**Problem statement:** With pictures left out, retype exactly the lines from the one containing "Complete drum assembly" through the final line of the entries.

**Information shown:**
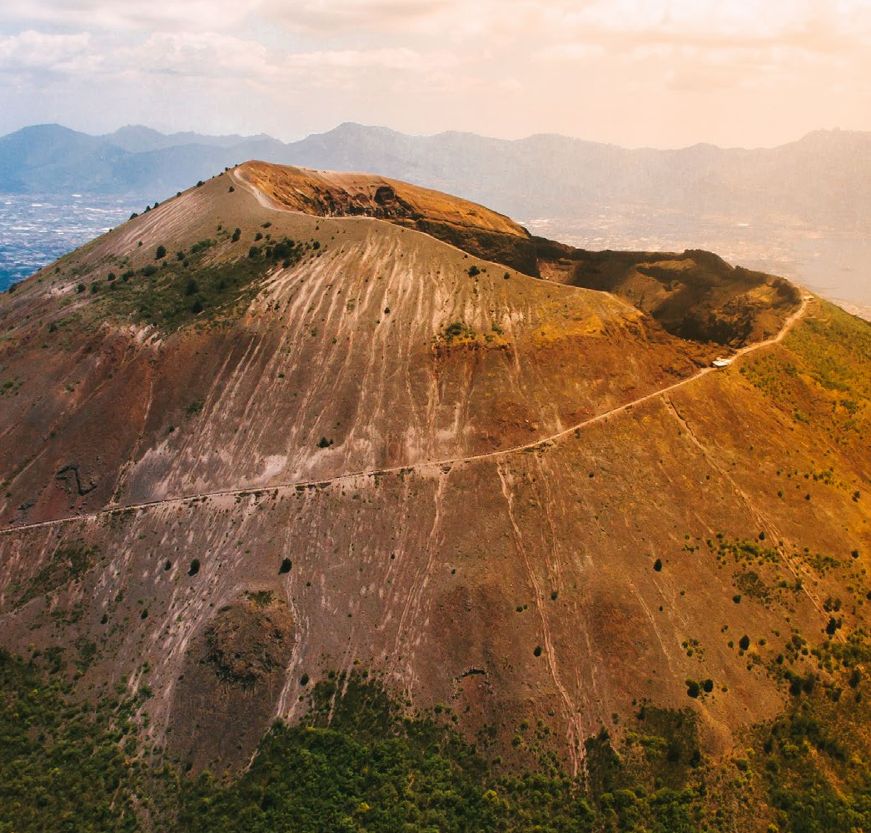 Admire o Monte Somma (1133 m) e o Vesúvio (1281 m), separados pelo Vale do Gigante. O Monte Vesúvio é majestoso e deslumbrante.
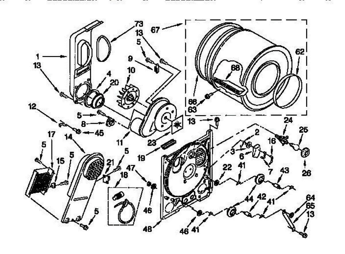 Complete drum assembly for dryers. Houses and rotates laundry during cycles. Replace if cracked, warped, damaged, or worn from extended use.
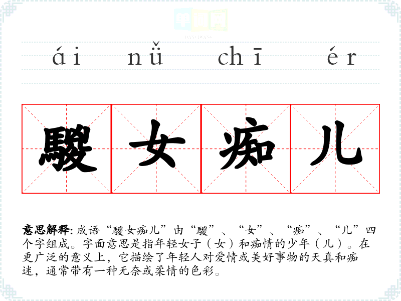 成语“騣女痴儿”由“騣”、“女”、“痴”、“儿”四个字组成。字面意思是指年轻女子(女)和痴情的少年(儿)。在更广泛的意义上,它描绘了年轻人对爱情或美好事物的天真和痴迷,通常带有一种无奈或柔情的色彩。
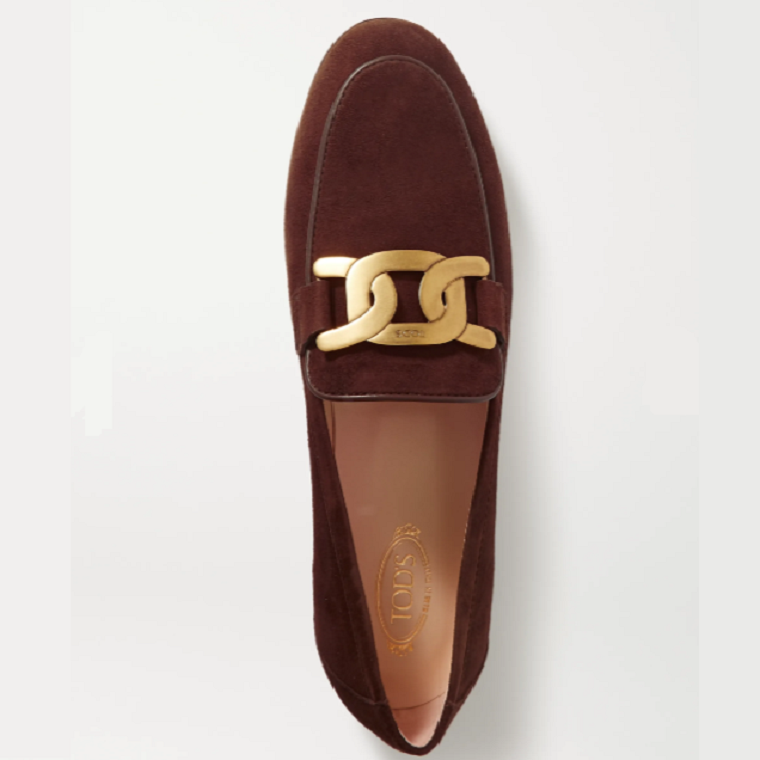 - Tod's 这款 “Catena” 乐福鞋以触感颇佳的绒面革于意大利精心制成,采用超低跟设计,鞋面上还饰有超大号金色交扣链饰。不妨搭配直筒牛仔裤与纯棉衬衫,打造时髦休闲造型。
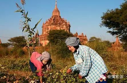 黄昏,金色的阳光洒在高耸的佛塔上,在绿色的原野上留下长长的影子。登上高塔,只见伊洛瓦底江弯弯曲曲,宛若长蛇在附近游过,河水返照出的夕阳的光辉,让原野上成百上千的佛塔涂上了一层夕阳的余晖。
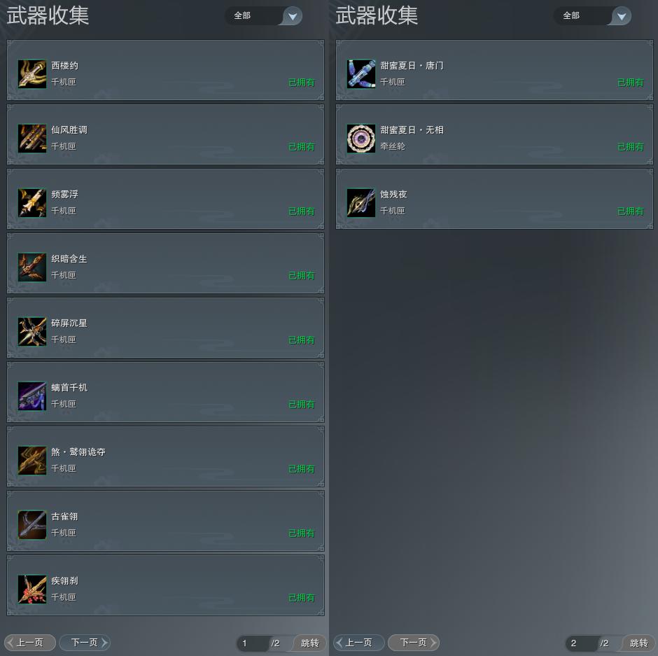【拓印】19页外观收集,12武器拓印,拓印95CW碎屏沉星,拓印100CW螭首千机,拓印100奇遇CW煞·鹫翎诡夺,拓印110CW古雀翎

**Solution to the problem:**
 Complete drum assembly for dryers. Houses and rotates laundry during cycles. Replace if cracked, warped, damaged, or worn from extended use.
 成语“騣女痴儿”由“騣”、“女”、“痴”、“儿”四个字组成。字面意思是指年轻女子(女)和痴情的少年(儿)。在更广泛的意义上,它描绘了年轻人对爱情或美好事物的天真和痴迷,通常带有一种无奈或柔情的色彩。
 - Tod's 这款 “Catena” 乐福鞋以触感颇佳的绒面革于意大利精心制成,采用超低跟设计,鞋面上还饰有超大号金色交扣链饰。不妨搭配直筒牛仔裤与纯棉衬衫,打造时髦休闲造型。
 黄昏,金色的阳光洒在高耸的佛塔上,在绿色的原野上留下长长的影子。登上高塔,只见伊洛瓦底江弯弯曲曲,宛若长蛇在附近游过,河水返照出的夕阳的光辉,让原野上成百上千的佛塔涂上了一层夕阳的余晖。
【拓印】19页外观收集,12武器拓印,拓印95CW碎屏沉星,拓印100CW螭首千机,拓印100奇遇CW煞·鹫翎诡夺,拓印110CW古雀翎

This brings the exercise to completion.